Review: Inn at Freshford

Give us a comfy seat by a fire with the hound and we’re happy – give us that and a lunch of decent pub grub, and we might not ever leave…

Skinny country lanes, hulking 4x4s coming the other way, and no signal to work out which direction I’m meant to be driving in is a combination that stirs much fear in me and my tiny Aygo. At least this last issue was (sort of) covered on this trip: Crumbs’ own Mr Bielby was in charge of the route. Thing is, his navigation technique largely relies on me guessing when I’m turning and him confirming whether or not I was correct afterwards.

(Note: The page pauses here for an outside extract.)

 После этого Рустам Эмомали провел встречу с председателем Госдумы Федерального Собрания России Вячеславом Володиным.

Luckily, we only had 20 minutes of this farcical travel to see out; Freshford isn’t actually that far from Crumbs’ central Bath HQ. It’s managed to bag itself an enviable spot within easy reach of the city (it has its own train station too), while also being tucked inside the Cotswolds Area of Outstanding Natural Beauty. The village inn’s suitably rustic-cum-contemporary look flows throughout the relaxed bar area (flanked by two large stone fireplaces, where flames were happily crackling on our visit) and into the restaurant, where there’s another fireplace and a blend of weathered wood, brushed metal and mirrored glass. 

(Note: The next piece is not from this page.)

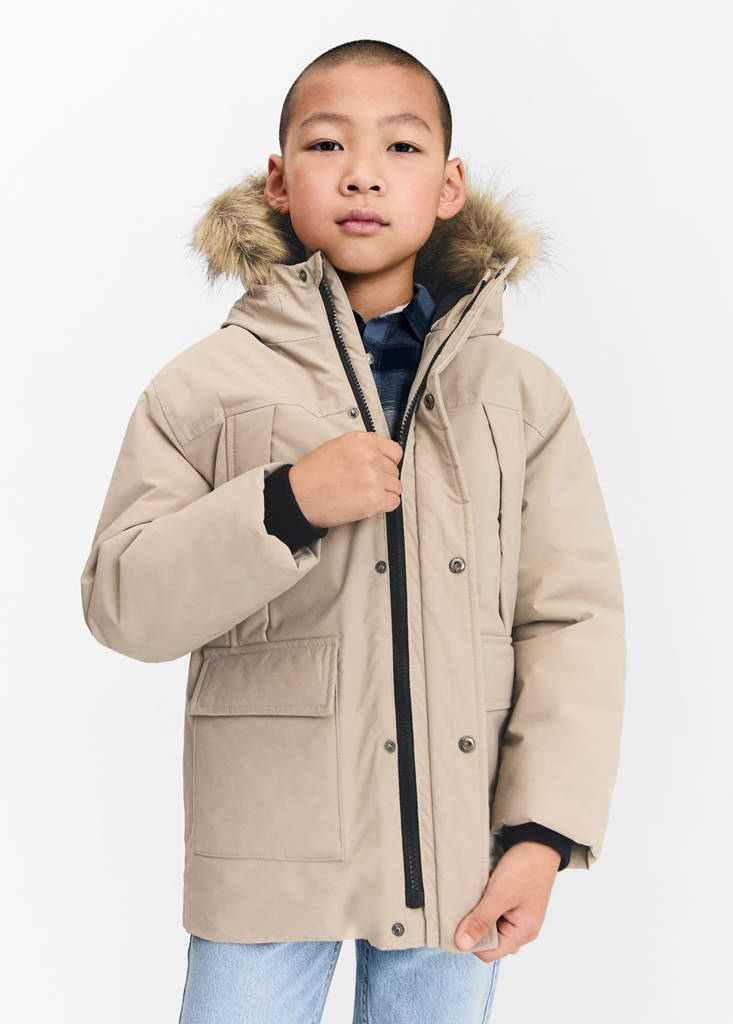 Back to school collection. High neck. Detachable faux fur hood. Zip and button fastening. Label for personal data. Zip and press stud fastening. Straight design. Long sleeves. Quilted design. Jeans with tie closure. Inner lining

We sat in the bar, next to one of those fires and a huge bookcase filled with vintage tomes (we’re talking the likes of volumes II-V of The Second World War by Winston Churchill), which my busy-handed lunch pal couldn’t leave be. I’m not sure the books are strictly there to be thumbed through as he did – they’re more for décor than a community book exchange. Just something to bear in mind…

There are a few light bites on the menu (£4 a pop) for kicking off your meal or nibbling with a drink – the Cheddar and spring onion soda bread is stodgy and comforting, and was served warm with soft, truffle-infused butter. 

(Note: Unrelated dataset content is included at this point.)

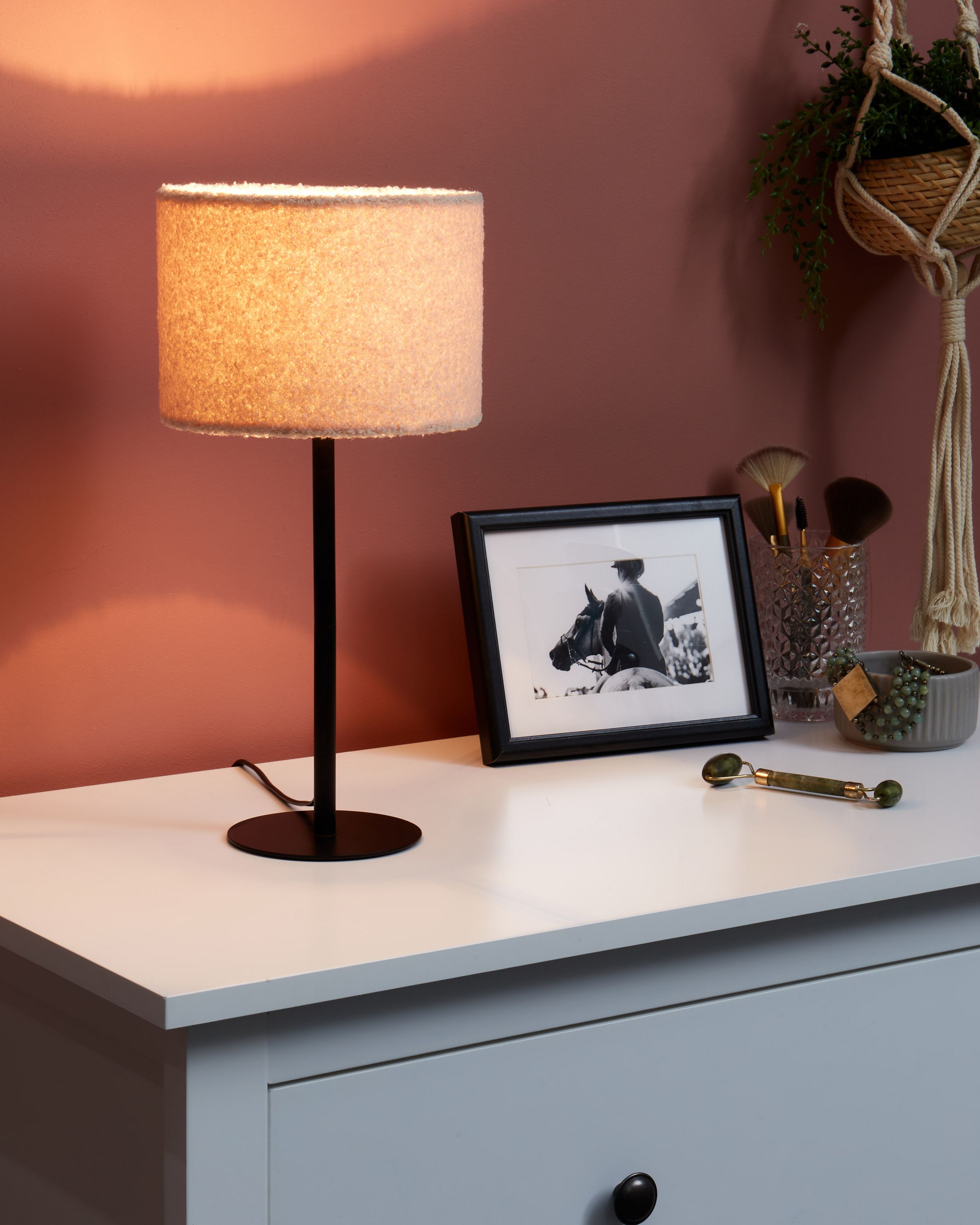 Moderni bukleevalaisin metallivarrella. Valaise tila pehmeällä hehkulla tämän trendikkään pöytävalaisimen avulla. Varjostin on päällystetty bukleekankaalla ja metallijalka takaa tukevuuden. Beige väri saa sen sopimaan monenlaiseen sisustustyyliin, kun taas koon ansiosta voit sijoittaa sen niin yöpöydälle kuin suuremmalle TV-tasolle tai sivupöydälle.

Underneath those are a dozen or so small plates (£7 each, or three for £17) ranging from crab on sourdough with sardine ketchup to homemade sausage roll with piccalilli and sumac-roasted squash with baba ganoush – good for grazing sharers or starters. It was a fairly misty, Highlands and Islands-style day outside, so, for us, it was hard to see beyond the haggis, neeps and tatties with whisky sauce. The star ingredient was the work of George Cockburn and Son – Scottish champion haggis makers. America, which has banned haggis for decades, doesn’t know what it’s missing. 

Pulled beef brisket burger with smoked Dorset red rarebit sauce and turmeric-roasted cauliflower salad with teriyaki dressing bookend the spectrum of mains, which it helps to not be ravenous when you’re trying to read. Only now, with full belly, am I noticing the likes of mushroom and garlic butter chicken Kiev and smoked haddock fishcake with mussel chowder, which both sound right up my street. 

The celeriac, truffle and Old Winchester arancini (£13), which I did manage to notice – and order – was good, though; three large, golden spheres were topped with crisp curls of celeriac and inside the thin breadcrumb shells was a subtly flavoured (if a spot dryer than I’d have hoped) risotto mix. The gracious whisper of truffle and mellow cheesiness was added to by a drizzle of smoked tomato sauce and zingy salsa verde, which cut through the creaminess. 

The roast rump of lamb with potato, heritage carrots, roasted celeriac, kale and gravy (£16) was a generously proportioned, juicy and beautifully cooked slab of beast, prettily pink in the middle, and accompanied by a well-considered range of differently textured veggies.

Bielby is a sucker for a lemon-based dessert, so his eyes lit up when they happened upon the lemon drizzle cake (£7). Served with poached pear and coulis, it showed more effort than was strictly required – but was all the better for it. The apple crumble (£7) was just as a crumble should be, and came served old-school with a jug of skin-on, slightly gloopy Bird’s-style custard – just as Mrs Carter used to serve me.

I’d be more than happy with this gaff as my local; good for a leisurely pint (as someone was demonstrating with a paper by the fire) as well as a coma-inducing feed (demonstrated by yours truly). And Prudence the basset hound (happily in tow) would agree – those sad eyes of hers earned three fig rolls and many a smooth during our lunch.